In my previous article on Kafka, I introduced the use of Kafka for data streaming. I also showed how you can start a Kafka broker service and demonstrated how to use the Kafka producer console application to send messages and the Kafka consumer console application to receive messages.
In this article, I am going to show you how to make use of Kafka using Python. Specifically, I will:
- Use Python to send messages to a Kafka broker service
- Use Python to receive messages from a Kafka broker service
- Build a dynamic charting application to plot and update a scatter plot wherever new data is received from the broker service
Using Python with Kafka
There are at least three Python libraries available for Python developers to interface with Kafka broker services. They are:
- Kafka-Python
- PyKafka
- Confluent Kafka Python
For this article, I will make use of the Confluent Kafka Python package.
To install the Confluent Kafka Python package, use the pip
command:
!pip install confluent-kafka
Producing the Message
First, let’s work on the producer first. The producer is the one that sends messages to the Kafka broker service. The following code snippet specifies the Kafka broker server to connect to:
from confluent_kafka import Producer
import socket
conf = {
'bootstrap.servers': "localhost:9092",
'client.id': socket.gethostname()
}
producer = Producer(conf)
You need to ensure that your Kafka broker service is up and running. See https://towardsdatascience.com/using-apache-kafka-for-data-streaming-9199699623fa for more details on how to start one.
To send a message, you can use the produce()
function from the Producer
object. You can pass four arguments to it:
- the topic to send
- the key for your message payload
- the message payload
- the callback function to invoke when you poll the producer to know if the message was successfully delivered (or not).
The following code snippet sends a message to the Kafka broker service:
def acked(err, msg):
if err is not None:
print("Failed to deliver message: %s: %s" % (str(msg), str(err)))
else:
print("Message produced: %s" % (str(msg)))
producer.produce("SomeTopic", key="key1", value="Hello", callback=acked)
producer.poll(1) # Maximum time (1s) to block while waiting for events
The poll()
function returns the number of events processed (callbacks served).

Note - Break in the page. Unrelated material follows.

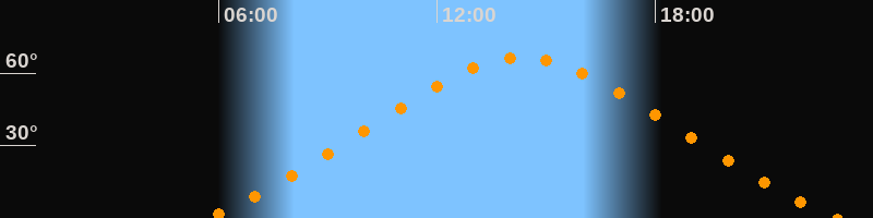 | Höchster Stand (Kulmination) | 14:20 Uhr (h = 66,6°) |

Let’s send another message with a different key:
producer.produce("SomeTopic", key="key2", value="World", callback=acked)
producer.poll(1)
Consuming the Message
With the message sent, you can now work on the consumer. The following code snippet connects to the Kafka broker service:
from confluent_kafka import Consumer
conf = {
'bootstrap.servers': "localhost:9092",
'group.id': "1",
'auto.offset.reset': 'latest'
}
consumer = Consumer(conf)
The group.id
indicates which consumers you belong to. If there are two consumers with the same Group ID assigned to the same topic, they will all share the work of reading from the same topic.
The auto.offset.reset
indicates…specifies how a consumer should behave when consuming from a topic partition when there is no initial offset.

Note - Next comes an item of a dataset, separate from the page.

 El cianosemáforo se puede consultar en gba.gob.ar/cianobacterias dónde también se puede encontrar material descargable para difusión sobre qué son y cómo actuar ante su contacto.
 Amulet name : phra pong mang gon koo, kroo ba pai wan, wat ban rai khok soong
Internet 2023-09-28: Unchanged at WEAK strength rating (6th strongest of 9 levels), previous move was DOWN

I will discuss the offset in another article.
To consume messages, let’s define a function named consume()
. It takes in the consumer as well as the topics to subscribe to:
from confluent_kafka import KafkaError, KafkaException
def consume(consumer, topics):
try:
consumer.subscribe(topics)
# use this as a way to stop the loop
t = threading.currentThread()
while getattr(t, "run", True):
msg = consumer.poll(timeout=5.0)
if msg is None:
continue
if msg.error():
if msg.error().code() == KafkaError._PARTITION_EOF:
# End of partition event
sys.stderr.write('%% %s [%d] reached end at offset %dn' %
(msg.topic(), msg.partition(), msg.offset()))
elif msg.error():
raise KafkaException(msg.error())
else:
key = msg.key().decode("utf-8")
data = msg.value().decode("utf-8")
print(key, data)
finally:
# Close down consumer to commit final offsets.
consumer.close()
In this function, you first subscribe to the topic that you want to listen to. Then, you use the threading.currentThread()
function to check if an attribute named run
has been set on the current thread that is used to run this function. This is used to control whether you should continue to wait for the next message or exit the function.

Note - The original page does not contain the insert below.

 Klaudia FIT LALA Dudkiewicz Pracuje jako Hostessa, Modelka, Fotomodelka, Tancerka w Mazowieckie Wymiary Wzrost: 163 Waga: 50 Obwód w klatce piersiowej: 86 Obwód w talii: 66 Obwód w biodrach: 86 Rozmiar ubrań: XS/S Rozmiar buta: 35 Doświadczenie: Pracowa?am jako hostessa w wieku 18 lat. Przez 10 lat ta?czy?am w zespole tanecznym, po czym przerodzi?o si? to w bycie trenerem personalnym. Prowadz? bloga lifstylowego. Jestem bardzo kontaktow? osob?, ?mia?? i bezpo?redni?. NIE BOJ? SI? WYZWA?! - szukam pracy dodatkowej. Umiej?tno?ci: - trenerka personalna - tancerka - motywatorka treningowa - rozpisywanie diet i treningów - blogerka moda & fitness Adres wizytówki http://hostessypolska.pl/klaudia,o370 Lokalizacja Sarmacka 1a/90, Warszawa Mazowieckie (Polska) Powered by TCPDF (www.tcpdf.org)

We will use an infinite loop to keep on polling the Kafka broker service. The timeout
parameter allows you to set the time to block the call until a message is returned by the broker service. If you want to poll the broker at a higher frequency, set the timeout
to a lower value, such as 0.5
second.
If a message is returned, you can extract its key and value and then print them out. Finally, if the infinite loop is terminated, you close the consumer.
To run the consume()
function, we will use the threading
package:
import threading
thread = threading.Thread(target=consume,
args=(consumer, ["SomeTopic"]))
thread.start()
The start()
function runs the consume()
function as an independent thread so that it does not freeze your Jupyter Notebook.
You should now be able to see two incoming messages that were sent by the producer:
key1 Hello
key2 World
To terminate the consumer, simply set the run
attribute of thread
to False
and the consume()
function will stop running:
thread.run = False
Plotting Chart
Now that you are able to produce and consume messages using the Confluent Kafka Python package, it is time to do something useful with this newfound knowledge!
Let’s use the producer to simulate an IOT device sending sensor data to the Kafka broker service, and on the consumer end we will read the data and use it to plot a chart. As new data is received, the chart will be dynamically updated. All these will work directly on Jupyter Notebook.
Sending Sensor Data
Let’s define a function named send_message()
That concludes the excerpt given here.